Performance Profile Benchmarking Tool

15 minute read

Published:

The Dolan-More Performance Profile is a method used for comparing the performance of algorithms.

It was popularized by Elizabeth Dolan and Jorge More in their paper titled “Benchmarking Optimization Software with Performance Profiles” (Mathematical Programming, 2002). The performance profile is a way to summarize and visualize the performance of different algorithms across multiple problem instances. It is very much used in the field of mathematical optimization with nearly 5,000 citations of Dolan & Moré, 2002 listed on Google Scholar at the time of writing.

While the method is often associated with Dolan and More, it’s essential to acknowledge the historical roots of performance ratio usage, dating back to at least 1996 with the work of André L. Tits and Yaguang Yang. This historical context highlights the method’s evolution and widespread adoption over the years.

The primary purpose of a performance profile is to assess and compare the effectiveness of a group of solvers on a defined test collection, utilizing a chosen metric or cost. This assessment is shown in a graph that displays the cumulative distribution function of a performance ratio for each algorithm on every problem instance.

How It Works

While traditional benchmarking efforts often involve extensive tables displaying solver performance on various metrics, they face inherent challenges. The sheer volume of data in tables becomes overwhelming, especially for large test sets, and the interpretation of results from these tables frequently leads to disagreements.
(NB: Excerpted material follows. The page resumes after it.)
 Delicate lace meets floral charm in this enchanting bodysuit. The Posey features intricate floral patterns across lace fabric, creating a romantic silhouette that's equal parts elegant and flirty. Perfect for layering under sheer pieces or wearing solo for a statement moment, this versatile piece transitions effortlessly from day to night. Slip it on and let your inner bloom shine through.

The advantage of using performance ratios lies in their ability to offer insights into the percent improvement of a solver’s metric compared to the best solver, while mitigating the impact of a small subset of problems to dominate the conclusions.
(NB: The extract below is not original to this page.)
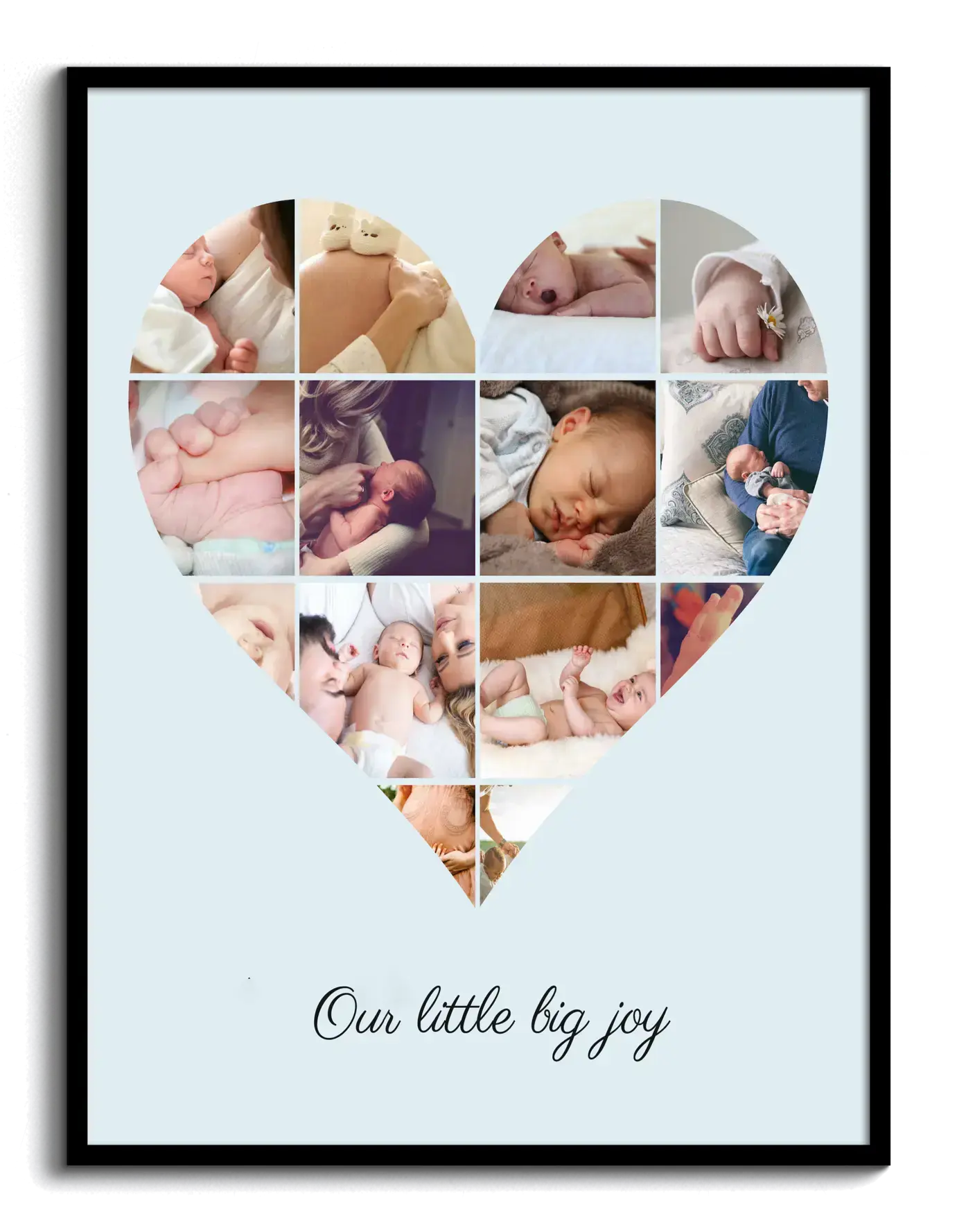 Create your own personalized photo collage to capture and celebrate life’s precious moments. Imagine a heart-shaped collage filled with baby or child photos, framing the beautiful phrase: "our little big joy". This collage can be uniquely tailored with your favorite photos and text, making it a perfect gift for births, baptisms, or as a cherished memento.

To understand how the performance profile works, let’s break down the process. Benchmarks are generated by running a set of solvers ($S$) on a set of problems ($P$), measuring a chosen metric (e.g., CPU time) $t_{p,s}$ for each solvers $s \in S$ applied to problems $p \in P$. It is essential to note that the selected cost metric must be a positive value, where smaller values indicate better performance.

The performance ratio $r_{p,s}$ of solver $s \in S$ on problem $p \in P$ is defined as the ratio of the solver’s metric to the minimum metric among all solvers for that problem, in other words: \(r_{p,s} := \frac{t_{p,s}}{\min_{s \in S} t_{p,s}}\) where $t_{p,s}$ is the value of the chosen metric of solver $s$ on problem $p$, e.g., the CPU time for solver $s$ to solve the problem $p$. Note that the ratio $r_{p,s}$ is greater or equal to $1$. If the chosen metric is possibly 0 then the denominator should be shifted by a small value.

When the solver fails to solve a problem and triggers an alternative stopping criterion, such as reaching a maximum time or iteration limit, we assign a penalty value, usually $+\infty$.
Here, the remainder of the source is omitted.